3) Change git origin from https:// to ssh

Open terminal / cmd and cd to your cloned repository directory and run:

git remote set-url origin git@github.com:<github username>/<repository name>

I had a similar problem. I had to alter the url used in the git command to include my username.

git push https://[email protected]/mlbileschi/scala.git

Then when it asks for PW use the access token you created from following the instructions in Gergo Erdosi's answer.

If you are already using ssh keys, after enabling 2FA it will enforce you to read/write remote with SSH. You don't really need to add personal tokens rather keep using your existing SSH key pair.

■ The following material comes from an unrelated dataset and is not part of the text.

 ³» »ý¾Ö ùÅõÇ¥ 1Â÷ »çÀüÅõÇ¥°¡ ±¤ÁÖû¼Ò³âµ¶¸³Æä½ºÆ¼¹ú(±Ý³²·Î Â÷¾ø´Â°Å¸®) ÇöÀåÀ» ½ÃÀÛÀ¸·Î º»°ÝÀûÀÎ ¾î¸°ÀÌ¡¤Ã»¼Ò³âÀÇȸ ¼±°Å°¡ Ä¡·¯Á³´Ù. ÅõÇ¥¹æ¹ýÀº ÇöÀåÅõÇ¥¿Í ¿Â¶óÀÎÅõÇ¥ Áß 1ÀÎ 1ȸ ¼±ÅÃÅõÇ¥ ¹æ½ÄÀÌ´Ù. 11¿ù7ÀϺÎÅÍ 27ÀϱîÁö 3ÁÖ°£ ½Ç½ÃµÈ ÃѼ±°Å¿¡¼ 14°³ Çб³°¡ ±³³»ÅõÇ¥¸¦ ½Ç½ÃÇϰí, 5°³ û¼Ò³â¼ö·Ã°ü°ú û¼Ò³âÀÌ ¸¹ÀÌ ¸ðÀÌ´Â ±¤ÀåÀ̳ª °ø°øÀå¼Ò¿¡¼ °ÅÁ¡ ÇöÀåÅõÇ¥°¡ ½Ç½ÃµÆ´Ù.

Just change your remote url from HTTPS to SSH:

git remote set-url origin git@github.com:<github-username>/<repo-name>

2021 update

Not sure if this is going to work for everyone but updating my git version from 2.27.0 to the latest one (currently 2.30.0) solved my issue, whereas trying to use a personal access token as a password in the command line didn't.

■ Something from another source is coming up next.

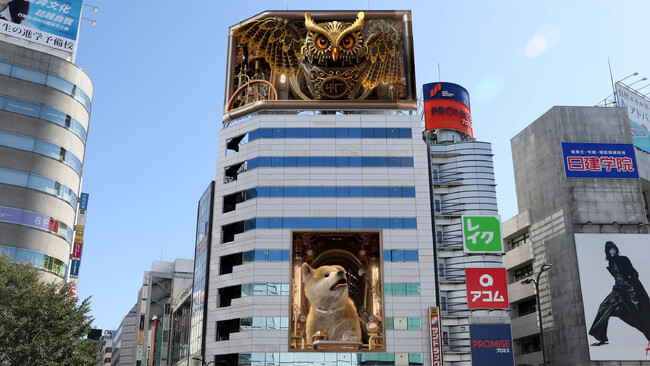 今回『池袋ヒットビジョン』で放映する動画は『巨大3Dカラクリ時計』。ヒットの看板犬である「秋田犬」と池袋の街のシンボルである「フクロウ」が登場して毎正時(毎時0分)をお知らせします。上下2面の大型ビジョンを動き回り、ときには肉眼3Dで飛び出す30秒の動画は池袋の新たな名物となるのでは!?

After the update, when trying to push, I was prompted to login into GitHub through the browser, instead of typing my credentials in a dialog or in the command line.

This worked for me:

• Go to [your-git-repo]/.git/config

• Under [remote "origin"] Change the URL key from http protocol to git.

Example

If the value of url is https://github.com/<repo-url>.git change it to [email protected]:<repo-url>.git

This worked for me after enabling 2FA on Github:

1. Create a Personal Access Token: https://help.github.com/en/github/authenticating-to-github/creating-a-personal-access-token-for-the-command-line.
   NOTE: Remember to select the correct permissions for the token.

2. Run:
   git clone https://github.com/username/repo.git
   Username: your_username
   Password: your_token

Further reading: https://help.github.com/en/github/using-git/which-remote-url-should-i-use

I was facing this problem on existing repo when I enabled 2FA(two factor authentication) for one of my private repos. I was able to solve it following below steps on my ubuntu 19.0 terminal:-

1. Add your ssh key to github so that you dont need to use your password again,as now you have enabled 2FA.Visit github page to know how to do it easily.

2. Once key is added, go to your terminal, and update the origin url

   git remote set-url origin [email protected]:<USERNAME>/<BRANCH-NAME>

Thats it.Hope it helps

I came across this issue when switching to an old laptop. Really the issue was just that I was running an old version of git. Once I updated to the most recent version of git with the new cross platform credential manager it was able to sign me w/ 2FA perfectly fine (looks like it automatically creates a PAT for you).